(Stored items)
──────────────────────────────
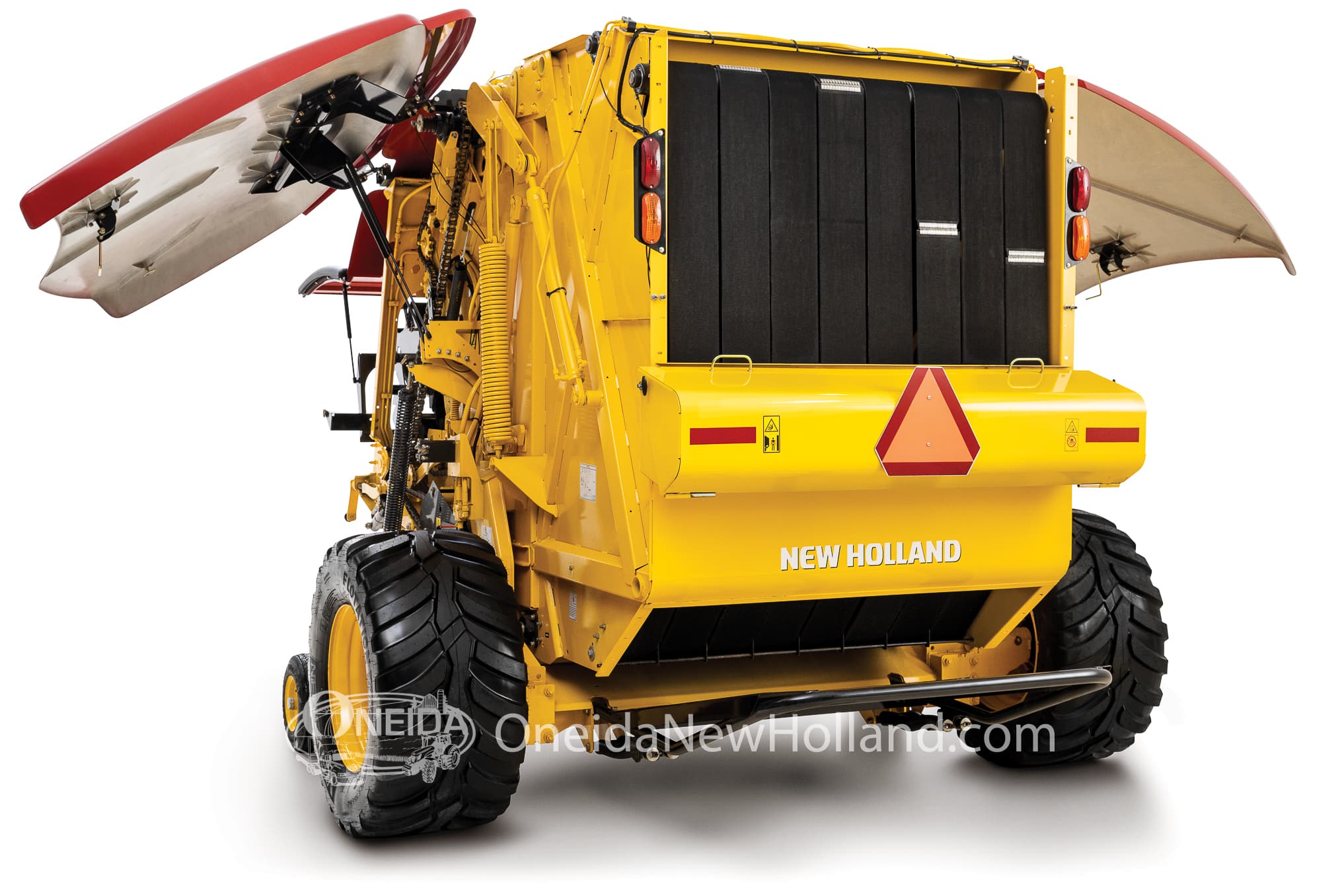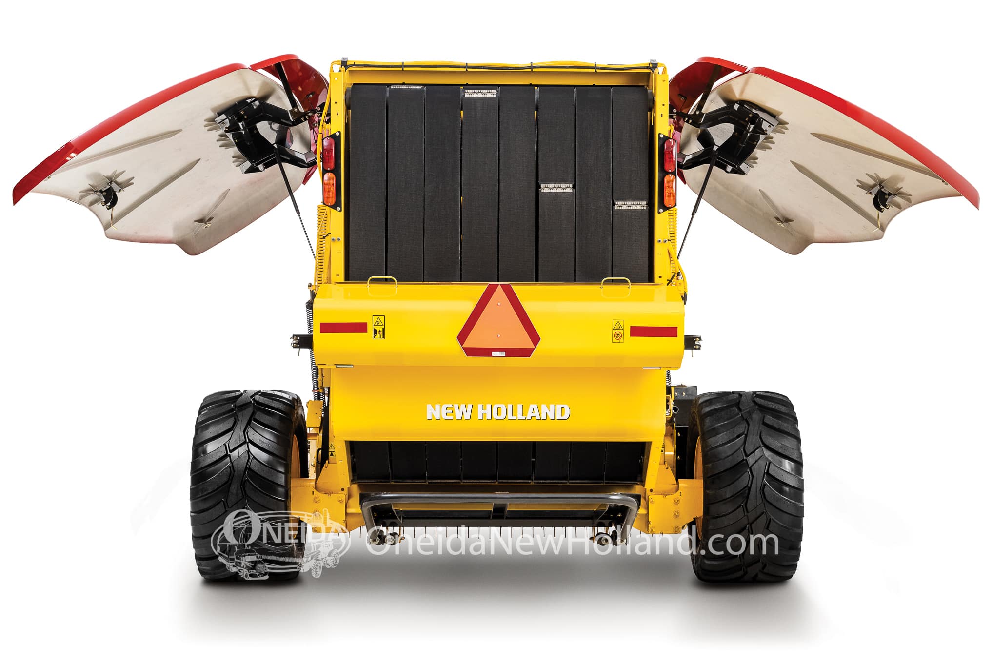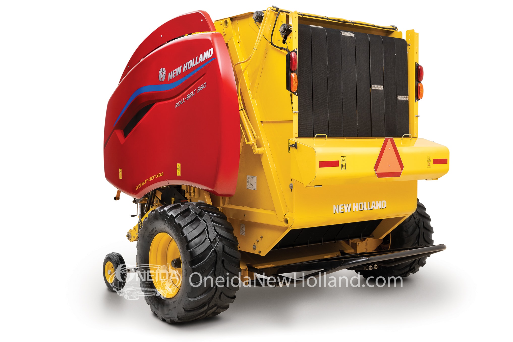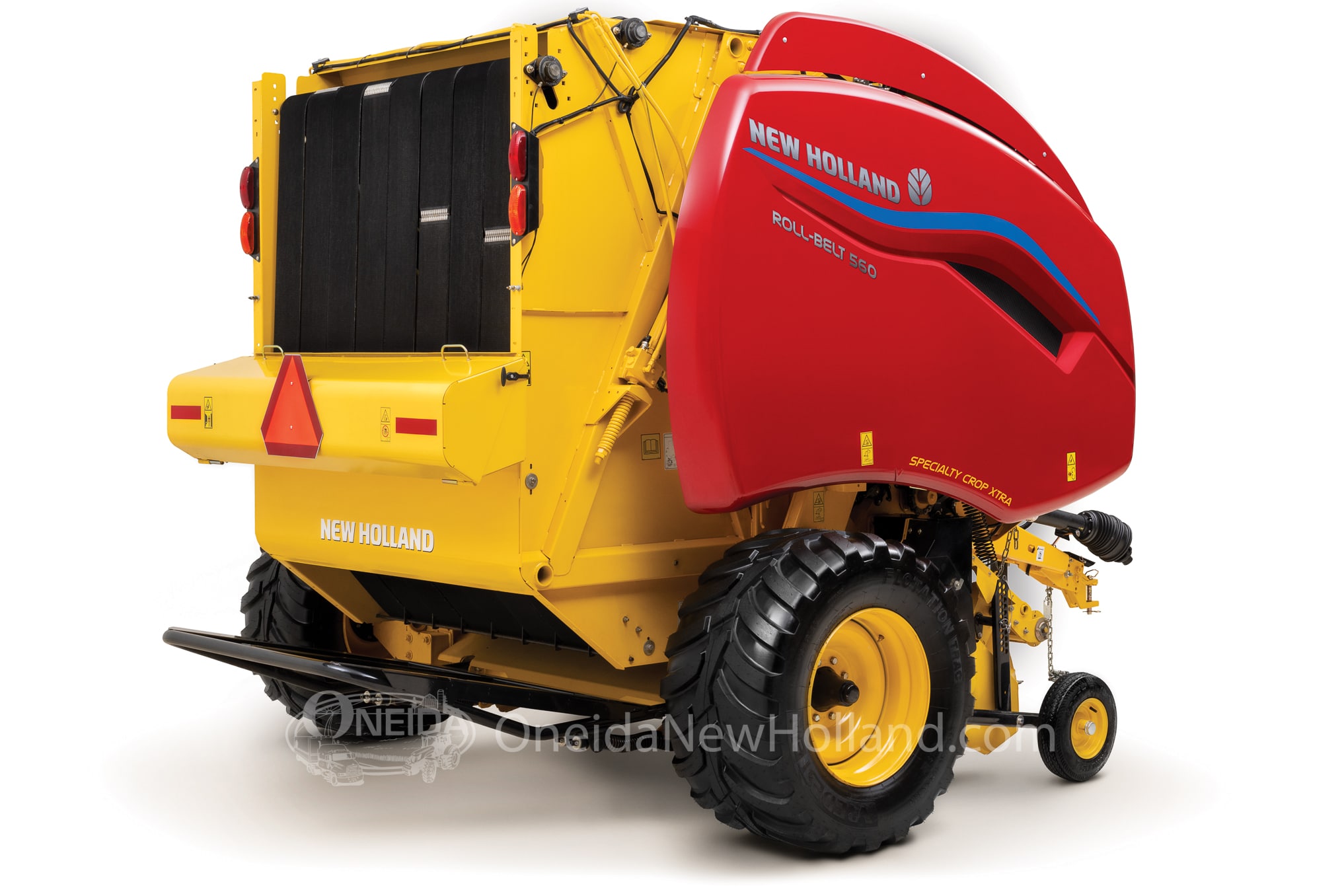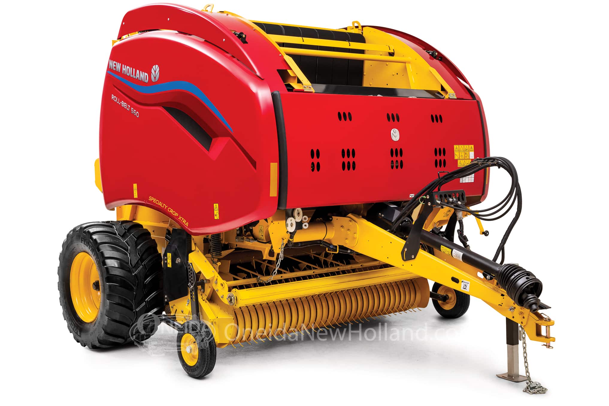 This New Holland ROLL-BELT 450 Silage Special, from the Round Baler category, is built to bale without compromise in high-moisture conditions. This new model features rugged performance and legendary durability as standard, equipped with a 1.8M Heavy Duty 5-Bar Pickup, Premium Endless Belts, and a 1.8M Roller windguard for efficient crop handling. The baler utilizes the EdgeWrapâ„¢ Net & Twine Wrapping system and is powered by a 540 RPM Constant Velocity Driveline with a cam-style, cut-out clutch for added protection.
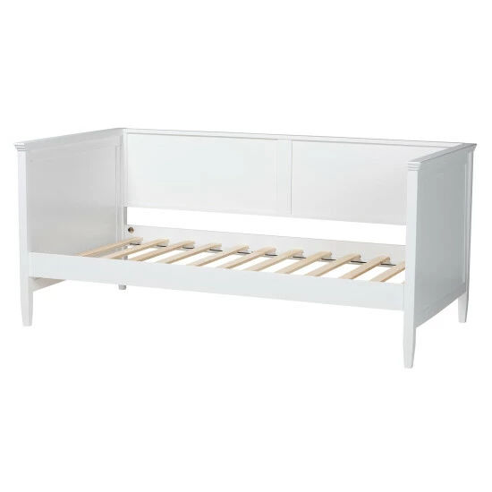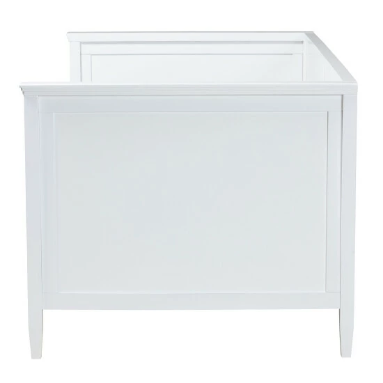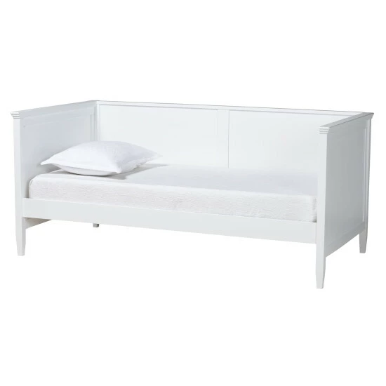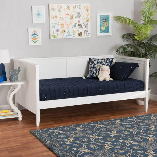 Inject the timeless charm of traditional craftsmanship to your bedroom with the exquisite beauty of the Viva daybed. Made in Malaysia, this lovely piece is crafted from sturdy wood. Raised borders accented with inset paneling create a haven of comfort perfect for lounging. The Viva requires assembly and utilizes wood slats for mattress support, eliminating the need for a box spring. Tapered legs add a sleek touch to the broad silhouette, making the Viva daybed a delightful addition to any bedroom space.
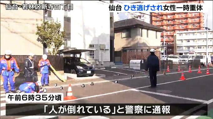 17日早朝、仙台市内で女性が車にはねられ重体となっているひき逃げ事件で、付近の防犯カメラが車や女性の姿を捉えていました。警察は、逃げた車の行方を追っています。
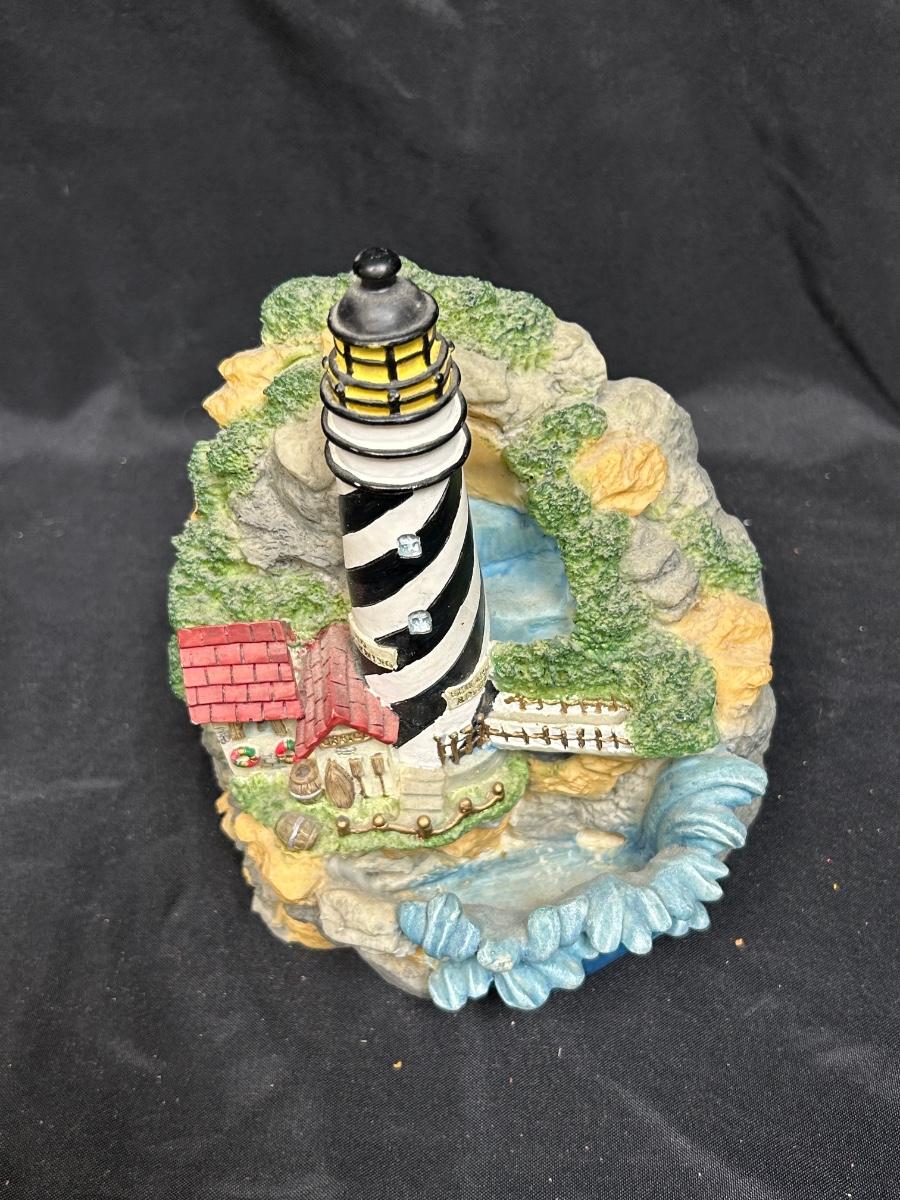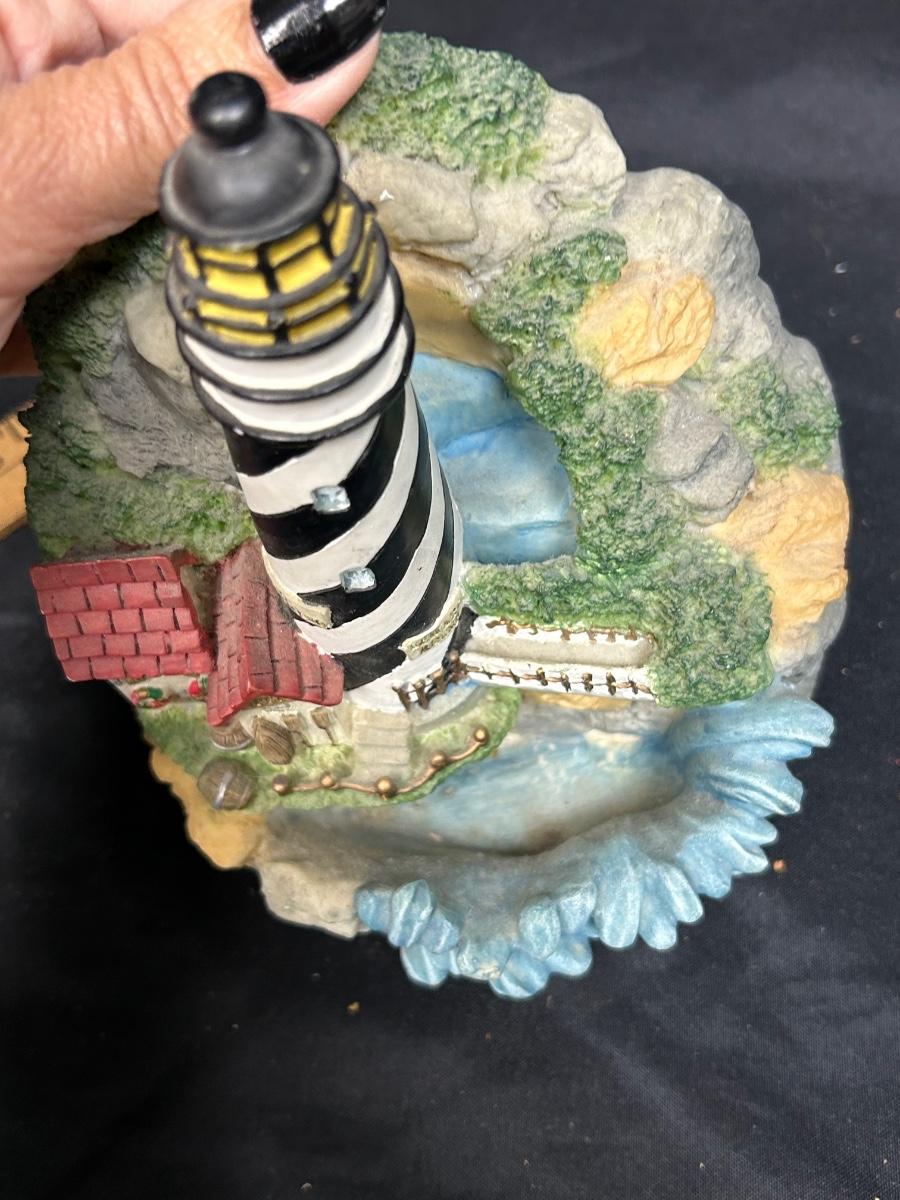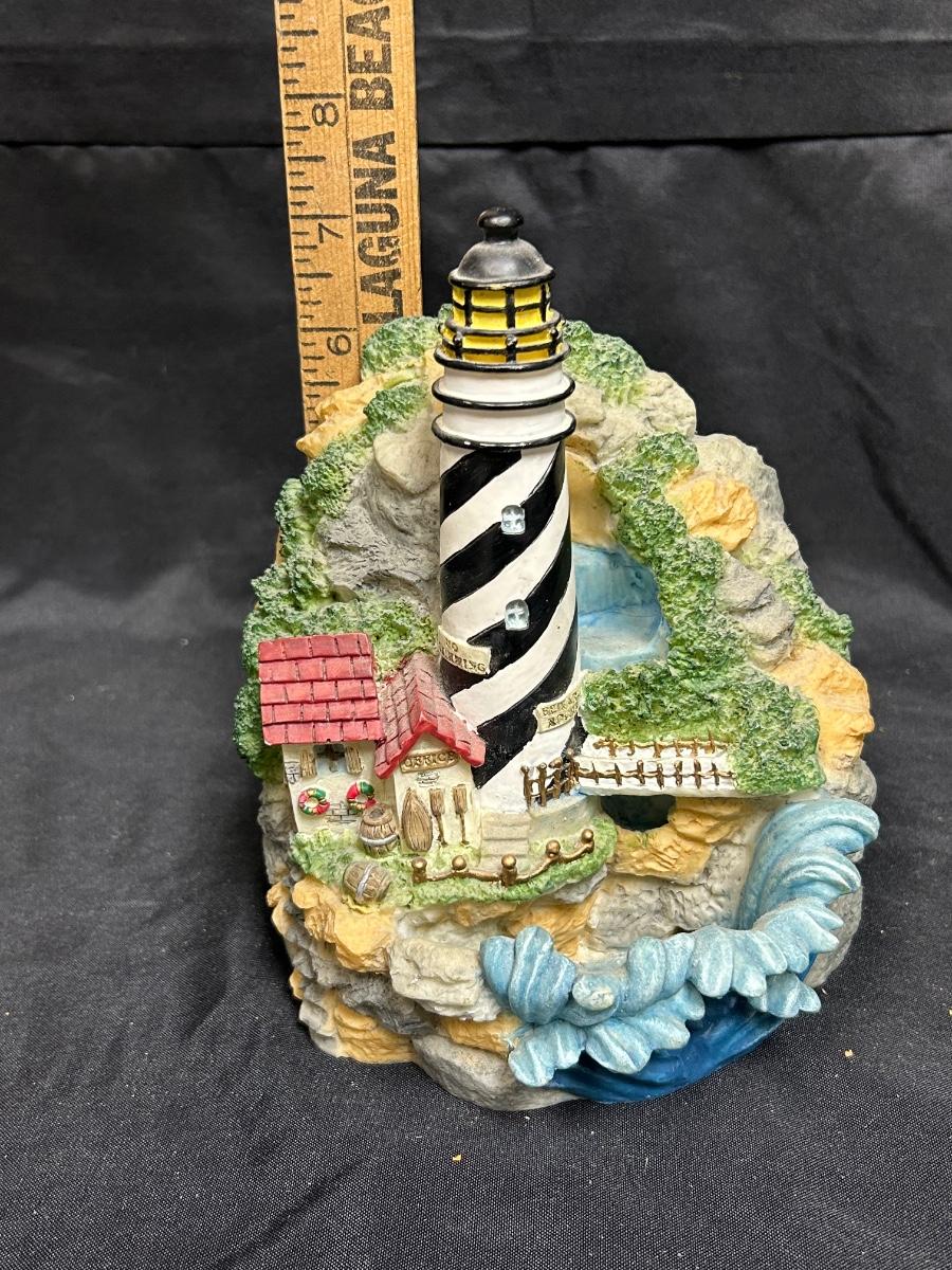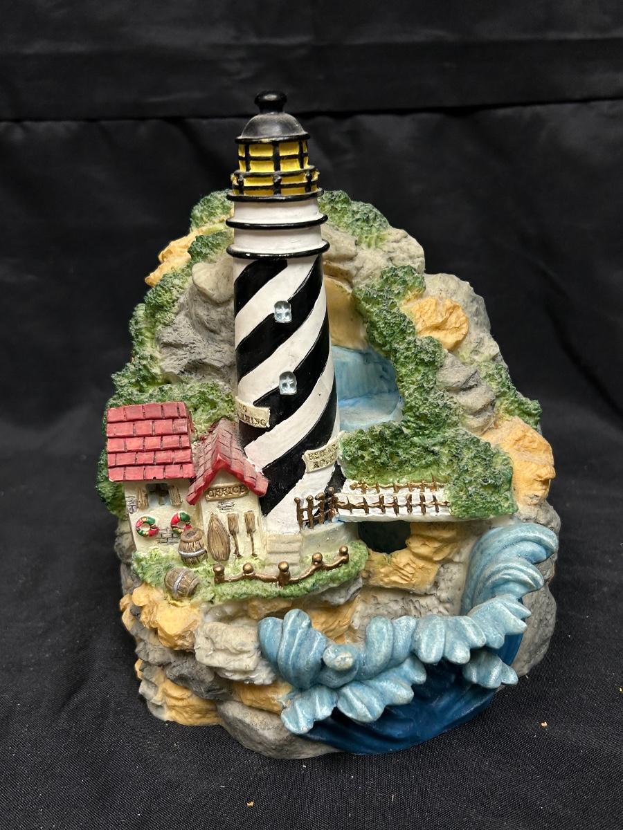 Small Lighthouse Themed Water Fountain Figurine Statuette Display. Battery operated but battery terminal is corroded so not working. Displays nice as is. About 7" size.
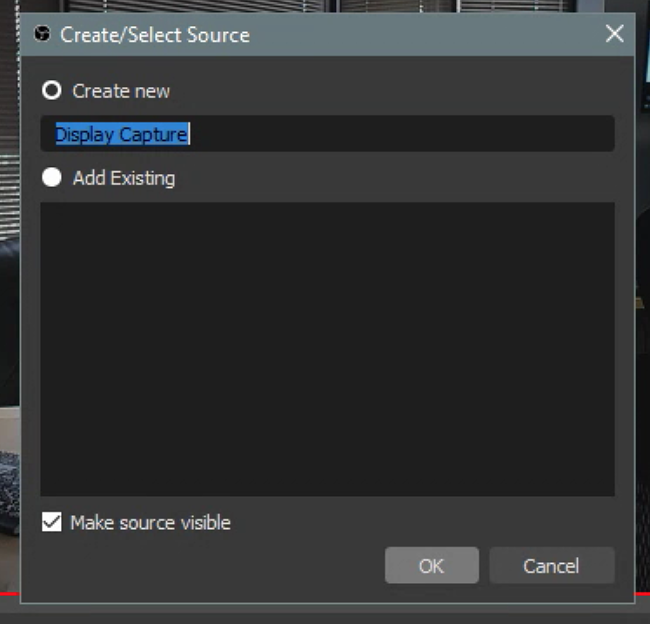 6. OBS will bring up a window for you to choose which Display output to use. Which display you select will be determined by the scenario (1 or 2 above) that you want to configure for.
──────────────────────────────
■ **Task to carry out**
Could each line of the data be written out exactly, with no pictures included?

■ **Answer box**
 This New Holland ROLL-BELT 450 Silage Special, from the Round Baler category, is built to bale without compromise in high-moisture conditions. This new model features rugged performance and legendary durability as standard, equipped with a 1.8M Heavy Duty 5-Bar Pickup, Premium Endless Belts, and a 1.8M Roller windguard for efficient crop handling. The baler utilizes the EdgeWrapâ„¢ Net & Twine Wrapping system and is powered by a 540 RPM Constant Velocity Driveline with a cam-style, cut-out clutch for added protection.
 Inject the timeless charm of traditional craftsmanship to your bedroom with the exquisite beauty of the Viva daybed. Made in Malaysia, this lovely piece is crafted from sturdy wood. Raised borders accented with inset paneling create a haven of comfort perfect for lounging. The Viva requires assembly and utilizes wood slats for mattress support, eliminating the need for a box spring. Tapered legs add a sleek touch to the broad silhouette, making the Viva daybed a delightful addition to any bedroom space.
 17日早朝、仙台市内で女性が車にはねられ重体となっているひき逃げ事件で、付近の防犯カメラが車や女性の姿を捉えていました。警察は、逃げた車の行方を追っています。
 Small Lighthouse Themed Water Fountain Figurine Statuette Display. Battery operated but battery terminal is corroded so not working. Displays nice as is. About 7" size.
 6. OBS will bring up a window for you to choose which Display output to use. Which display you select will be determined by the scenario (1 or 2 above) that you want to configure for.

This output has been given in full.